From my top comment ...

In split_whitespaces, try changing:

arr_str = (char **) malloc(words + 1);

into:

arr_str = malloc(sizeof(*arr_str) * (words + 1));

As you have it, words is a count and not a byte length, so you're not allocating enough space, so you have UB.


UPDATE:

But watched some tutorials and they said that malloc takes one argument which is the size of the memory to be allocated (in bytes), that's why I allocated memory for 5 bytes! can you please tell my an alternative of using malloc without sizeof() function. I'll appreciate it. – Achraf EL Khnissi

There's really no clean way to specify this without sizeof.

sizeof is not a function [despite the syntax]. It is a compiler directive. It "returns" the number of bytes occupied by its argument as a compile time constant.

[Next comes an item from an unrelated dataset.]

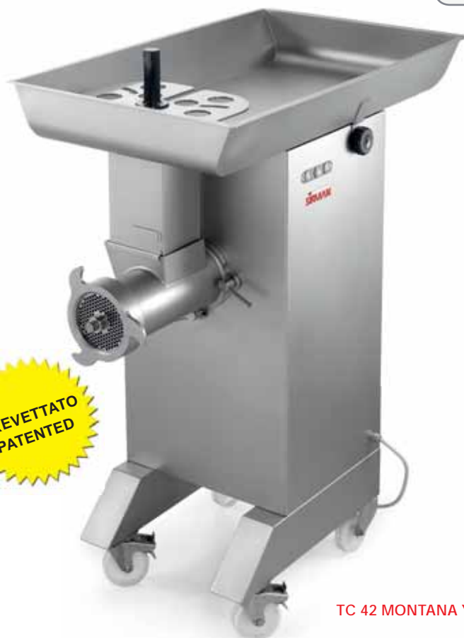
TC 42 MONTANA Y12

If we have char buf[5];, there are 5 bytes, so sizeof(buf) [or sizeof buf] is 5.

If we have: int buf[5];, there are 5 elements, each of size int which is [typically] 4 bytes, so the total space, in bytes, is sizeof(int) * 5 or 4 * 5 which is 20.

But, int can vary depending on the architecture. On Intel 8086's [circa the 1980's], an int was 2 bytes (i.e. 16 bits). So, the above 4 * 5 would be wrong. It should be 2 * 5.

If we use sizeof(int), then sizeof(int) * 5 works regardless of the architecture.

Similarly, on 32 bit machines, a pointer is [usually] 32 bits. So, sizeof(char *) is 4 [bytes]. On a 64 bit machine, a pointer is 64 bits, which is 8 bytes. So, sizeof(char *) is 8.

Because arr_str is: char **arr_str, we could have done:

arr_str = malloc(sizeof(char *) * (words + 1));

But, if the definition of arr_str ever changed (to (e.g.) struct string *arr_str;), then what we just did would break/fail if we forgot to change the assignment to:

arr_str = malloc(sizeof(struct string) * (words + 1));

So, doing:

arr_str = malloc(sizeof(*arr_str) * (words + 1));

is a preferred idiomatic way to write cleaner code. More statements will adjust automatically without having to find all affected lines of code manually.


UPDATE #2:

You might just add why you removed the (char **) cast :) -- chqrlie

Note that I removed the (char **) cast. See: Do I cast the result of malloc?

This just adds extra/unnecessary "stuff" as the void * return value of malloc can be assigned to any type of pointer.

If we forgot to do: #include <stdlib.h>, there would be no function prototype for malloc, so the compiler would default the return type to int.

Without the cast, the compiler would issue an an error on the statement [which is what we want].

With the cast, this action is masked at compile time [more or less]. On a 64 bit machine, the compiler will use a value that is truncated to 32 bits [because it thinks malloc returns a 32 bit value] instead of the full 64 bit return value of malloc.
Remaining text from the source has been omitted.